Finding Peace
Posted on 01. Mar, 2018, in Christian Values, Church Teachings, Community, Conflict, Faith and Justice, Prayer, Retreats1 Comment
Dr Annemarie Paulin-Campbell heads up the spirituality work of the Jesuit Institute South Africa and is a spiritual director and psychotherapist working with victims of trauma. In this interview with Pat Coyle, Annemarie discusses the interface between Christian spirituality and psychology in a place that is still severely affected by the apartheid era.
“We’re still really trying to come to terms as a society with much of what happened in the apartheid era,” says Annemarie. In her position, she focuses on how people come to a place of healing and reconciliation in these circumstances. While acknowledging the important role of psychology, she says, that spirituality can play an added role in the healing process in terms of making sense of what has happened. She tells of those who discover “the one who loves them unconditionally, who knows what they need at their deepest place of pain.”
Having grown up herself in a privileged position in South Africa, Annemarie only came later in life to understand that South Africa was a vasty different country for others living there. Here she begins talking with Pat about that journey and how she uses psychotherapy and spirituality to bring people to a place of peace.

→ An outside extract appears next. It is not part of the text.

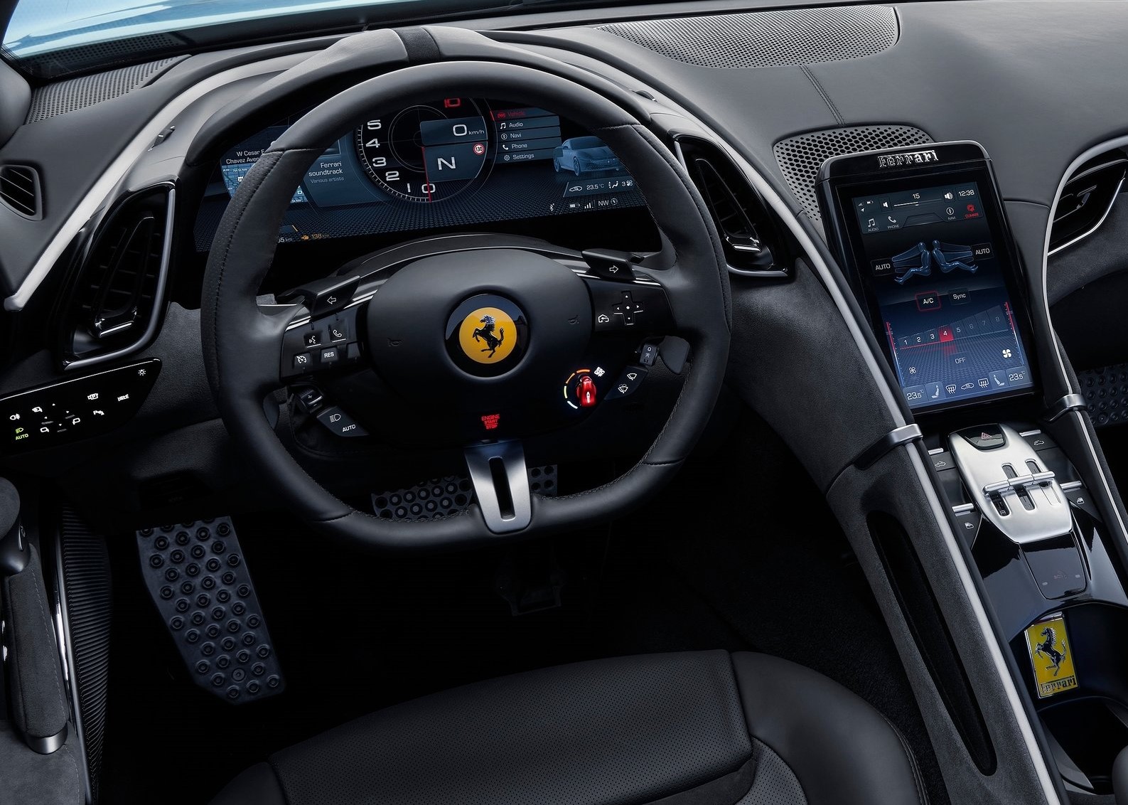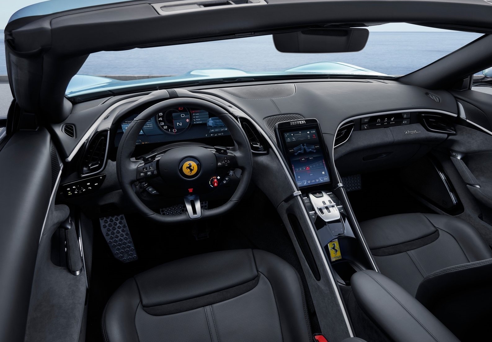 The technology adopted is derived from the Ferrari Roma: the digital instrument cluster is integrated with the volumes around it and protected by an anti-glare binnacle which extends out naturally from the dash.

This is an excellent interview. To hear someone owning her growing awareness of her place in an unjust system is most freeing. Annemarie’s openness gives me permission to deepen my awareness of being a settled person in a society where Travelers have a lesser place, for example. I am also conscious of how blind I am to what it is like to be a nationalist in the North of my country. As the interview progressed, it is great to hear from Annemarie of the imaginal space and how spaciousness can open up from a place of deeper consciousness. The story of the woman confronting Jesus and coming so feelingly to a whole new awareness of the person of Jesus is wonderfully moving. Pat’s interview gifts are most apparent in this interview also. It is making a big impression on my today and I thank God for that.